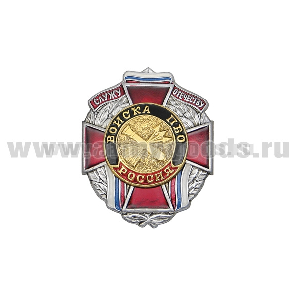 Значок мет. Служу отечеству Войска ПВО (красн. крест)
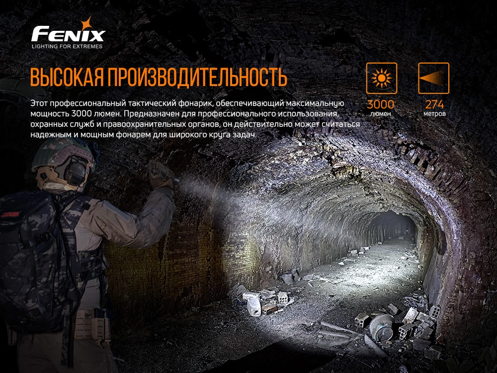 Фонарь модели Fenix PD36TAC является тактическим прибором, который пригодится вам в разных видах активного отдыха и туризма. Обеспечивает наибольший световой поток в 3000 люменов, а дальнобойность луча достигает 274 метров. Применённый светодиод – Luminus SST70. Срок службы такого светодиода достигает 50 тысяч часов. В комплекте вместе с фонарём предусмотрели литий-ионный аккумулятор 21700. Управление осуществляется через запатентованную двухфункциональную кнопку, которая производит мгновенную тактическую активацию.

● ● ●

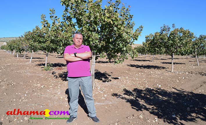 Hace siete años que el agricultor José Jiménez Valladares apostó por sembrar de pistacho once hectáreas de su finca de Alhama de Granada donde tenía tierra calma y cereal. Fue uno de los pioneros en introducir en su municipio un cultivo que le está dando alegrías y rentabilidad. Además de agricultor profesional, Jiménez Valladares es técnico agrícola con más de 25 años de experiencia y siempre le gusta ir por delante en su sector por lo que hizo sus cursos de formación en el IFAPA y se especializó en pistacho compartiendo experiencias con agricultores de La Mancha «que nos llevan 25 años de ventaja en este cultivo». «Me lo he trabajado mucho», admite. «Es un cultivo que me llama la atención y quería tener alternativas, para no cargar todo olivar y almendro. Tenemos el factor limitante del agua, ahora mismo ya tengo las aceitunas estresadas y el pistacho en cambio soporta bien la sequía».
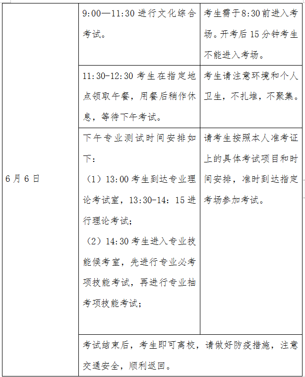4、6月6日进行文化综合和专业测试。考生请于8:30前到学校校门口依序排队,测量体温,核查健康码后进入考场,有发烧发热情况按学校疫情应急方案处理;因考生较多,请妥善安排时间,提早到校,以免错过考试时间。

● ● ●

Problem to solve => Write out word for word the lines above that run from the one with "Hace siete años" to the one with "4、6月6日进行文化综合和专". Include both end lines; exclude the images.

Response to this exercise =>
 Hace siete años que el agricultor José Jiménez Valladares apostó por sembrar de pistacho once hectáreas de su finca de Alhama de Granada donde tenía tierra calma y cereal. Fue uno de los pioneros en introducir en su municipio un cultivo que le está dando alegrías y rentabilidad. Además de agricultor profesional, Jiménez Valladares es técnico agrícola con más de 25 años de experiencia y siempre le gusta ir por delante en su sector por lo que hizo sus cursos de formación en el IFAPA y se especializó en pistacho compartiendo experiencias con agricultores de La Mancha «que nos llevan 25 años de ventaja en este cultivo». «Me lo he trabajado mucho», admite. «Es un cultivo que me llama la atención y quería tener alternativas, para no cargar todo olivar y almendro. Tenemos el factor limitante del agua, ahora mismo ya tengo las aceitunas estresadas y el pistacho en cambio soporta bien la sequía».
4、6月6日进行文化综合和专业测试。考生请于8:30前到学校校门口依序排队,测量体温,核查健康码后进入考场,有发烧发热情况按学校疫情应急方案处理;因考生较多,请妥善安排时间,提早到校,以免错过考试时间。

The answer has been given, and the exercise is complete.